• Required work: Pictures are not part of the copy. Set down exactly the lines from the one containing "從改革熱度指數(shù)的六" through the last line of the material below.

• Data shown:
********************
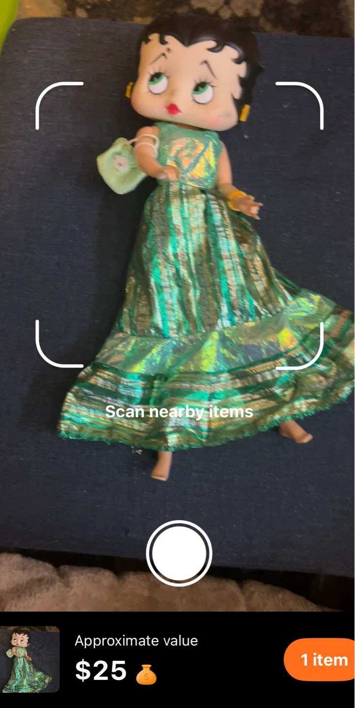 Selling a vintage Betty Boop doll manufactured by Marty Toy in 1986. The doll is wearing a green dress. Please note that the legs are having a hard time staying attached and I do not know where the shawl/wrap has gone.
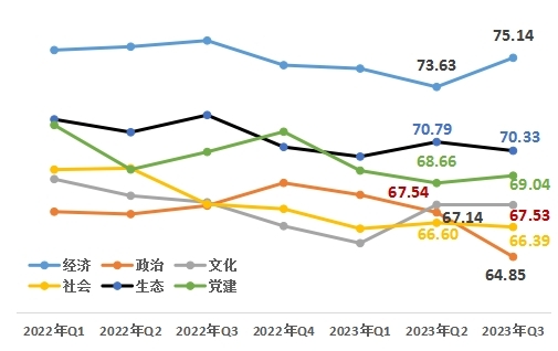 從改革熱度指數(shù)的六大領(lǐng)域來看,經(jīng)濟(jì)領(lǐng)域75.14,政治領(lǐng)域64.85,文化領(lǐng)域67.53,社會(huì)領(lǐng)域66.39,生態(tài)領(lǐng)域70.33,黨建領(lǐng)域69.04。與上一季度相比,經(jīng)濟(jì)、黨建領(lǐng)域上升。
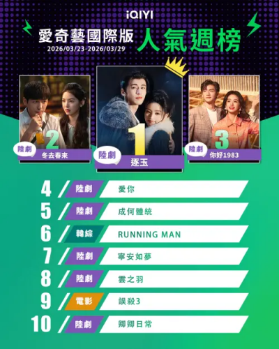 愛奇藝今(30)日公布3月23日到3月29日的人氣榜單,《逐玉》毫無意外地攻佔第一名,第二名則是白宇、章若楠主演的《冬去春來》,第三名是周也、翟瀟聞的穿越劇《你好1983》 。
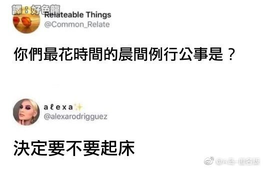 @ 扯淡的鱼 (早啊)@ nnnm (那个家伙啊。自己有自己的世界关心这些戏子干嘛)@ clouddyy (对头)@ 罗马的王 (看看你准备回家么)@ 机器人-1 (早)@ 豹王冰冰 (+1)@ heike07 (hahahhaha )@ 趣任务-专注任务管理 (zao )@ 花间小酌 (+1)@ Zjmars (zao )@ 落落酱 (这一天天的可把壶给累坏了。)@ 曾经蜡笔没有小新 (哈哈哈哈)@ 老bia同学 (告诉你前方高能了。)@ 火眼金睛容嬷嬷 (哈哈哈)
********************
• Reply to the exercise:
 從改革熱度指數(shù)的六大領(lǐng)域來看,經(jīng)濟(jì)領(lǐng)域75.14,政治領(lǐng)域64.85,文化領(lǐng)域67.53,社會(huì)領(lǐng)域66.39,生態(tài)領(lǐng)域70.33,黨建領(lǐng)域69.04。與上一季度相比,經(jīng)濟(jì)、黨建領(lǐng)域上升。
 愛奇藝今(30)日公布3月23日到3月29日的人氣榜單,《逐玉》毫無意外地攻佔第一名,第二名則是白宇、章若楠主演的《冬去春來》,第三名是周也、翟瀟聞的穿越劇《你好1983》 。
 @ 扯淡的鱼 (早啊)@ nnnm (那个家伙啊。自己有自己的世界关心这些戏子干嘛)@ clouddyy (对头)@ 罗马的王 (看看你准备回家么)@ 机器人-1 (早)@ 豹王冰冰 (+1)@ heike07 (hahahhaha )@ 趣任务-专注任务管理 (zao )@ 花间小酌 (+1)@ Zjmars (zao )@ 落落酱 (这一天天的可把壶给累坏了。)@ 曾经蜡笔没有小新 (哈哈哈哈)@ 老bia同学 (告诉你前方高能了。)@ 火眼金睛容嬷嬷 (哈哈哈)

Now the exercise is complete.